Indeed, it is the host of the neo-Nazis and of the genocide deniers of today. Almost half of its current parliamentarians belong to “Germanic Fraternities” forbidden to Jews, to homosexuals and to women, reserved for those who would be of a gruesomely fantasized “Aryan race”. It is very recently that a call to “gas a seventh million Jews” from the “Fraternity” of a leading regional FPÖ candidate has been disclosed. It is today that the newspaper of the current Minister of Defense, in charge of the military, qualify the survivors of the Holocaust as a “national plague.” It is a current proposal by the Minister of the Interior, who will guide the EU’s asylum policy in the second half of the year if nothing is done until then, to “concentrate the refugees” in camps. No later than last year, he was a guest speaker at the neo-fascist youth group “Identitäre” congress. “Viennese blood, too much foreignness, it is good for nobody” is one of its most recent slogans. It is today’s Europe and democracy that the FPÖ wants to destroy.
Even when compared to the ministers who entered, for the first time, the government in 2000, an event that had then quickly led the European countries to suspend all bilateral cooperation, the current far-right ministers are radicals, who now permissively express their hatred because of fifteen years of moral, ethical and political recession in Europe.
FPÖ represents a mortal danger for democracy and Europe. That is why, in Austria as elsewhere on the continent, we are all threatened, and we must all get involved.
The fight to be led does not put Austria in opposition to the rest of Europe or to the world. It puts the democrats, whatever their citizenships and their identities, in opposition to the irrevocable enemies of democracy. Permissively letting the ideologies which have brought the destruction of Europe expand will not help build its future. Vigorously fighting for its basic humanist values will.
That is why we, Austrians and non-Austrians together, attached to the values of democracy and to the European ideal, call to solidarity on civil society and on the political leaders of European countries. The latter must not abandon the Austrian democrats under the pretext that the government platform does not plan for a referendum on leaving the EU.
Abandoning the Austrian democrats, despite the beautiful popular mobilizations they have recently engaged, would be abandoning Europe and its fundamental values. It would be, in the name of short sighted calculations, letting the most precious thing we have in common since WWII be destroyed.
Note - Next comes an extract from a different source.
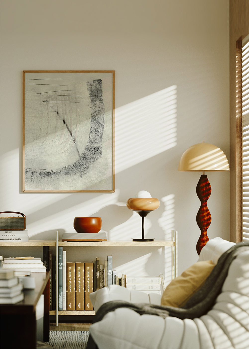 Le passe-partout est un panneau blanc mat qui entoure l'affiche pour la protéger du méthacrylate, et qui améliore également l'expressivité de l'œuvre et met en valeur ses détails.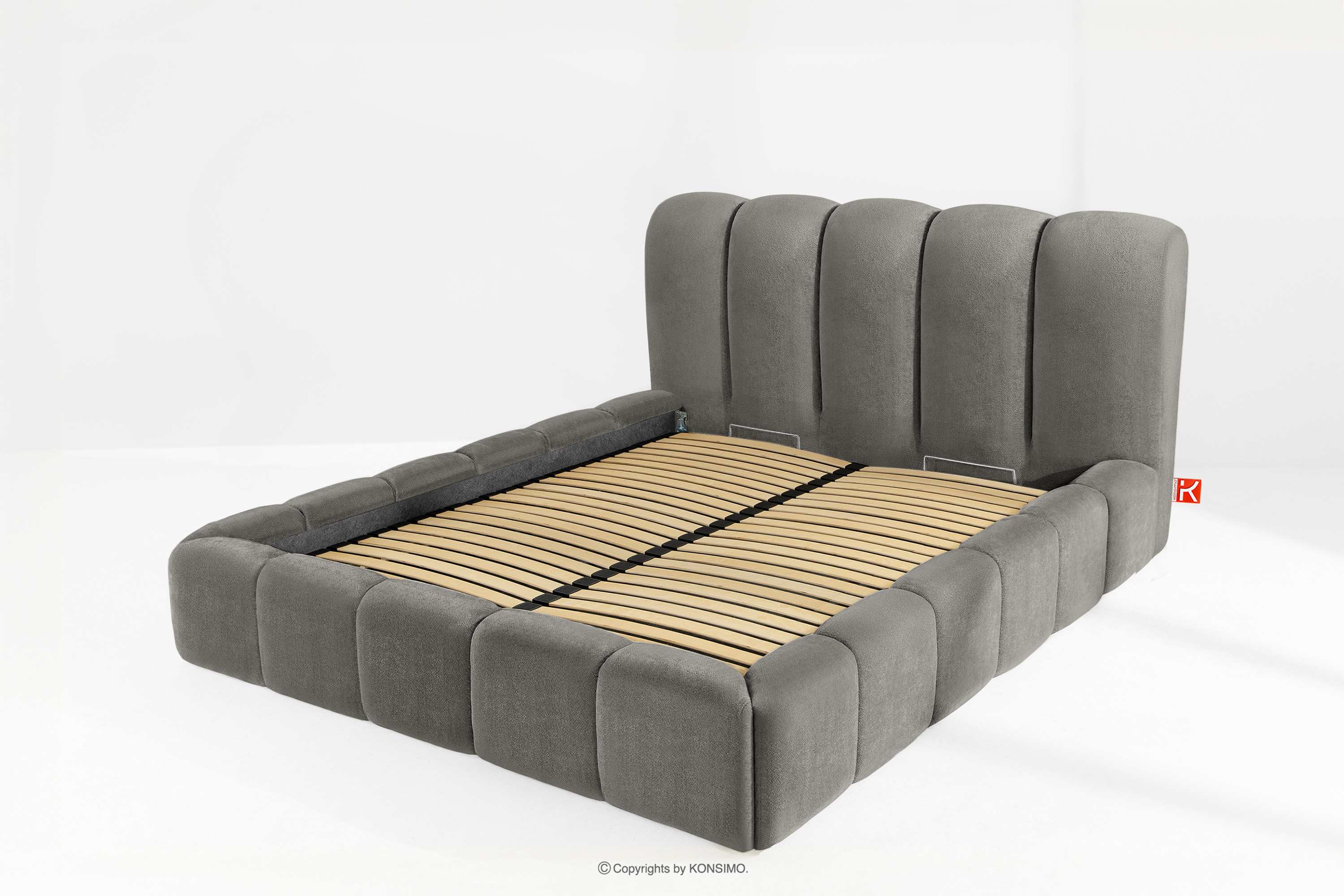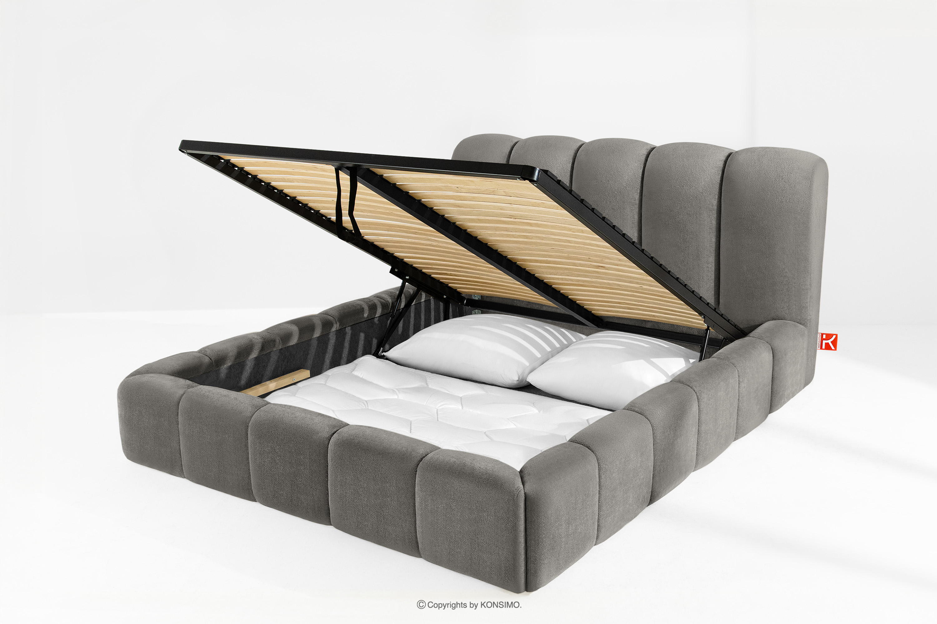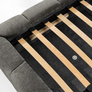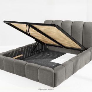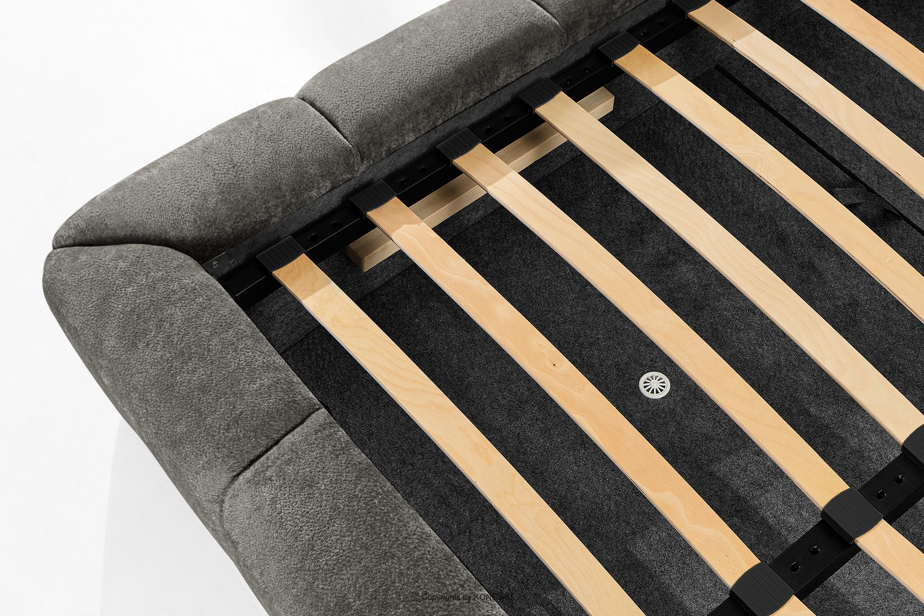 Unter dieser Schicht aus Gemütlichkeit und Weichheit verbirgt sich solide Technik und Funktionalität, die den Anforderungen moderner Wohnungen gerecht wird, in denen jeder Zentimeter Platz Gold wert ist. Die Konstruktion des Bettes basiert auf einem robusten Metallrahmen, der Stabilität und keine störenden Quietschgeräusche garantiert. Die Ausstattung mit hochwertigen Holzlatten sorgt für eine optimale Funktion der Matratze, verbessert ihre Belüftung und reagiert präzise auf den Druck des Körpers der schlafenden Person. Darüber hinaus verbirgt sich unter der gesamten Liegefläche ein äußerst geräumiger Bettkasten, der einen zusätzlichen Schrank oder eine Kommode ersetzen kann und Platz für Bettdecken, Kissen, Decken oder saisonale Kleidung bietet. Damit die Nutzung dieses Stauraums zum reinen Vergnügen wird, haben wir einen fortschrittlichen Mechanismus mit Gasdruckfedern eingebaut. Dank ihm ist zum Anheben der schweren Matratze zusammen mit dem Lattenrost keine Kraft erforderlich – der Mechanismus arbeitet reibungslos und leise und hält den Lattenrost beim Verstauen von Gegenständen oben, wodurch das tägliche Bettenmachen oder Verstauen von Bettwäsche zu einem schnellen, leichten und intuitiven Vorgang wird, der der Philosophie des funktionalen Minimalismus entspricht.

Concretely, Austrians and non-Austrians together, we call on the leaders of European countries to boycott the FPÖ ministers and the Austrian Presidency of the Council of the European Union, from the 1st of July to the 31st of December 2018.
In practice, this means that far right Austrian ministers should not be received by any of their European counterparts, who should not attend any meeting or encounter with them.
This also means a boycott by the Heads of States and governments, as well as by the ministers, of the Austrian Presidency of the Council of the European Union
Our common moral and political leap will determine the nature of our shared destiny, in Austria as elsewhere in Europe.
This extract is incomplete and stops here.